Für den Offshore-Windpark „Baltic 2“ rund 30 Kilometer nördlich von Rügen ist in der Nacht zu gestern die letzte Seekabellänge gelegt worden. Das finnische Seekabellegeschiff „Aura“ war am Montag in Richtung Rostock-Markgrafenheide aufgebrochen, von wo aus das rund sieben Meter lange Seekabel angelandet wird, berichtete Siegfried Wagner vom Stromversorgungsunternehmen 50Hertz Transmission. „Damit wird ein letzter wichtiger Schritt in Richtung Netzanschluss vollendet. Der Anschluss an das Stromnetz wird voraussichtlich rechtzeitig stattfinden“, sagte Wagner. Bis Ende September will der Energieversorger EnBW den Windpark in Betrieb nehmen.

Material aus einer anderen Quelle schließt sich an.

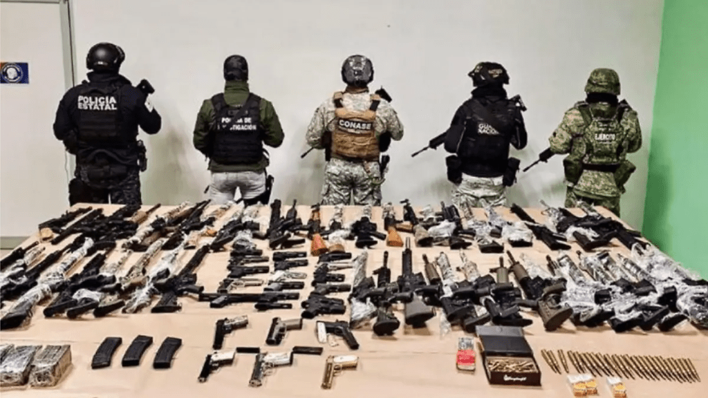 Pie de Foto en La Columna: Decomiso de armas por parte de autoridades mexicanas. / Cortesía.

Erst am letzten Dienstag hatten alle 80 Anlagen des Offshore-Windparks einen 240-Stunden-Probelauf erfolgreich absolviert, wie der Energiekonzern EnBW mitteilte. Dabei hätten sie bereits erstmals Strom ins Netz gespeist. Bis zur kommerziellen Inbetriebnahme seien noch weitere Restarbeiten und Systemtests erforderlich. „Wir sind zufrieden mit der bisherigen Entwicklung“, sagte Friederike Eggstein, Konzernsprecherin von EnBW. Die „Baltic 2“ soll rund 340 000 Haushalte mit Strom versorgen.